Molecular description of the rpoS365:: IS10 insertion. (A) The positions (and orientations) of rpoS::Tn10 insertions previously characterized (15) in strains UM22 and RH90 are compared with those of the rpoS:: IS10 insertion in strain GJ829 (this study). The coding region of rpoS is shown as a hatched bar, and IS10 sequences (including those found in Tn10) are shown as open bars. Representations of Tn10 and IS10 are not to scale. To facilitate comparison, the four distinct ends of IS10 present in Tn10 (3) are marked as L1 and L2 (from IS10-L) and R3 and R4 (from IS10-R). (B) DNA sequence of the rpoS:: IS10 insertion, with particular reference to the sequence in the vicinity of the ends of IS10. Codons of rpoS are indicated by arabic numerals (and stop codons are indicated by asterisks); the 9-bp duplications flanking the ends of IS10 (whose sequence is shown in lowercase letters) are boxed. Codons from IS10 that are predicted to encode an N-terminal extension of the σ^SΔ1-50 peptide are indicated by small roman numerals, and the polypurine stretch (putative ribosome-binding site motif) is underlined.
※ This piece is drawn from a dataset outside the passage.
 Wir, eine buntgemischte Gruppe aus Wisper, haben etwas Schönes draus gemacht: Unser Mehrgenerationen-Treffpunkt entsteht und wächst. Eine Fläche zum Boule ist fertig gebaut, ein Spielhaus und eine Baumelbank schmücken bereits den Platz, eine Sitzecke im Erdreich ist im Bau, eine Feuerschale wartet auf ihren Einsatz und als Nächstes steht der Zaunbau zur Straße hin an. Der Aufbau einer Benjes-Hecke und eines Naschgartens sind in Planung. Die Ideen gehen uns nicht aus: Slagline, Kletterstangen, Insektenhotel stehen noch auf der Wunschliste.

A plasmid (pETF) carrying the rpoS⁺ gene (39) was able to complement the rpoS::IS10 mutation for pHYD275-directed lac expression in the rho⁺ strain GJ829 (data not shown).

Evidence for the synthesis of an σ^S polypeptide with a deletion of its N-terminal 50 amino acids (σ^SΔ1-50) in rpoS::IS10 rho mutants.
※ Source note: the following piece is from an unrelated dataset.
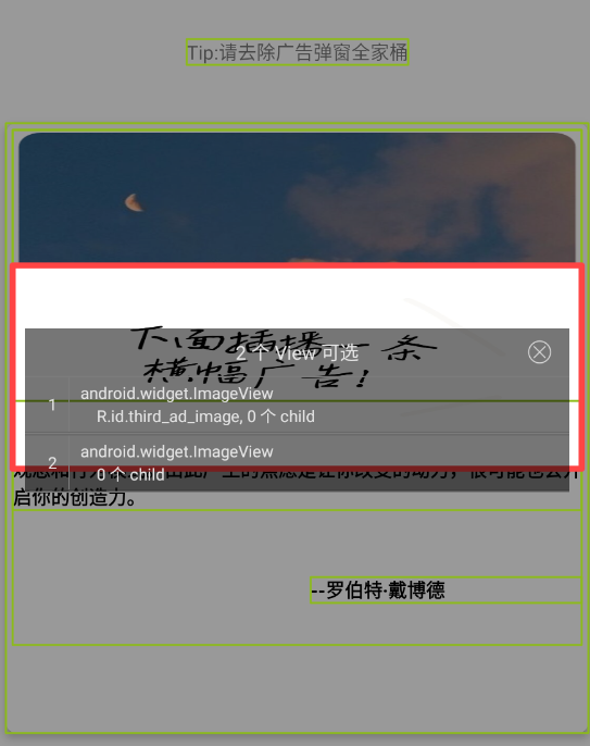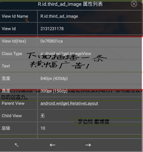 然后我们使用开发助手,可以抓到这个横幅广告的属性

There were two conceivable explanations, not mutually exclusive, for the above results. Transcription initiating from proU P1 of S. enterica is subject to premature termination (that is, attenuation), and this phenomenon is known to be Rho dependent (27, 28). It was therefore possible that the rpoS::IS10 insertion mutation somehow accentuated the effect of Rho factor on transcription initiating from E. coli proU P1 as well. For example, even in an rpoS⁺ background, lacZ reporter gene expression from S. enterica proU P1 (on plasmid pHYD373) is absent in a rho⁺ strain (GJ862) and is stimulated in a rho mutant (GJ863) (27) (Table 2); in the rpoS::IS10 rho⁺ and rho derivatives (GJ829 and GJ830, respectively), lac expression from pHYD373 was virtually indistinguishable from that in the corresponding rpoS⁺ strains (Table 2).

The second explanation (31) is that the rho mutation acted only to relieve the polarity effect of the IS10 insertion in rpoS. The location of the rpoS::IS10 insertion is such that (i) translation initiating from the start codon of rpoS will be terminated immediately within the insertion element after codon 53, and (ii) a potential start site for translation exists (with a polypurine stretch situated upstream of the putative initiation codon stretch to serve as a ribosome-binding site) proceeding outward from the other end of IS10 to produce an in-frame fusion of six codons of IS10 with codons 51 to 330 of rpoS (Fig. 2). (The latter feature is absent from either of the Tn10 insertions at this same site in strains RH90 and UM22.) It was therefore possible that the rho mutation permitted transcription initiating from the rpoS promoter (and upstream promoters) to proceed through IS10 into the 3′ end of the rpoS gene and that the N-terminally truncated mutant σ^S polypeptide (hereafter referred to as σ^SΔ1-50) synthesized under these conditions contributed, either alone or in combination with the σ^S N-terminal fragment from positions 1 to 53 [σ^S(1-53)] to proU P1 expression in vivo.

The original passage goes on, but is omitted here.